Renewable-Aware Frequency Scaling Approach for Energy-Efficient Deep Learning Clusters

  • Hyuk Gyu Park
  • , Dong Ki Kang*
  • *Corresponding author for this work

    Research output: Contribution to journalJournal articlepeer-review

    Abstract

    Recently, renewable energy has emerged as an attractive means to reduce energy consumption costs for deep learning (DL) job processing in modern GPU-based clusters. In this paper, we propose a novel Renewable-Aware Frequency Scaling (RA-FS) approach for energy-efficient DL clusters. We have developed a real-time GPU core and memory frequency scaling method that finely tunes the training performance of DL jobs while maximizing renewable energy utilization.
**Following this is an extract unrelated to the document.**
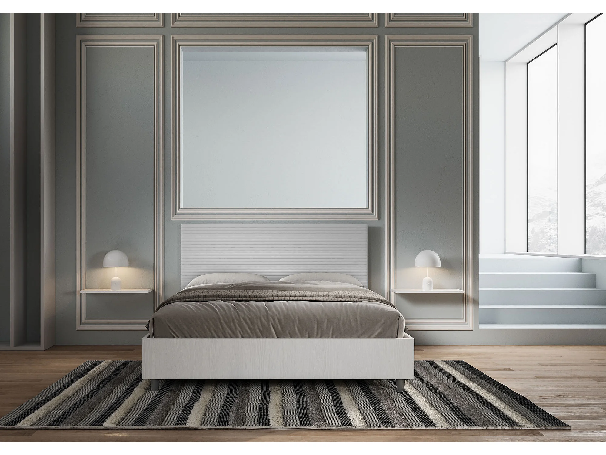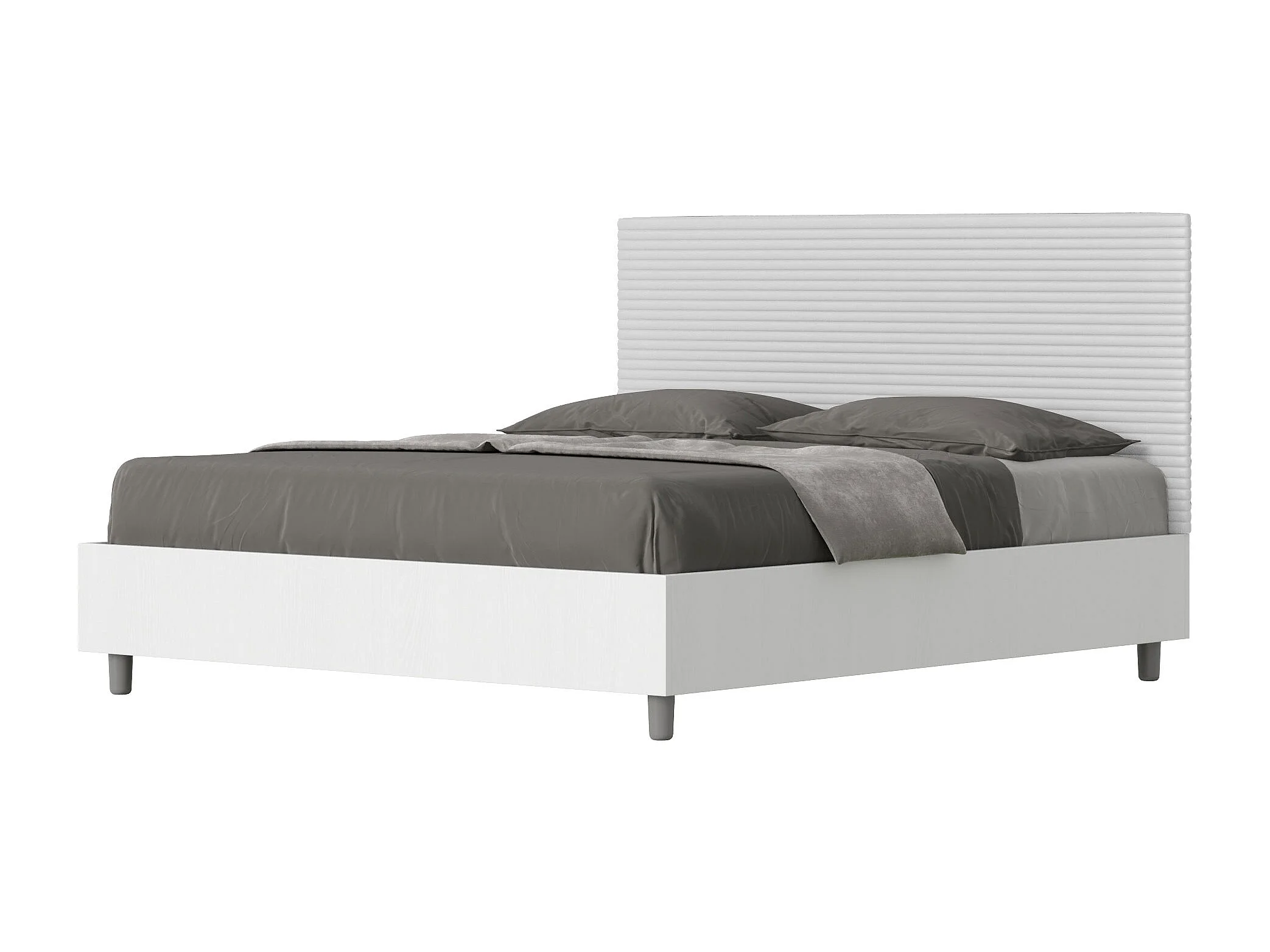 Lit coffre 160x200 structure frêne blanc tête de lit similicuir blanc Level

We introduce quantitative metrics: Deep Learning Job Requirement (DJR) and Deep Learning Job Completion per Slot (DJCS) to accurately evaluate the service quality of DL job processing. Additionally, we present a log-transformation technique to convert our non-convex optimization problem into a solvable one, ensuring the rigorous optimality of the derived solution. Through experiments involving deep neural network (DNN) model training jobs such as SqueezeNet, PreActResNet, and SEResNet on NVIDIA GPU devices like RTX3060, RTX3090, and RTX4090, we validate the superiority of our RA-FS approach. The experimental results show that our approach significantly improves performance requirement satisfaction by about 71% and renewable energy utilization by about 31% on average, compared to recent competitors.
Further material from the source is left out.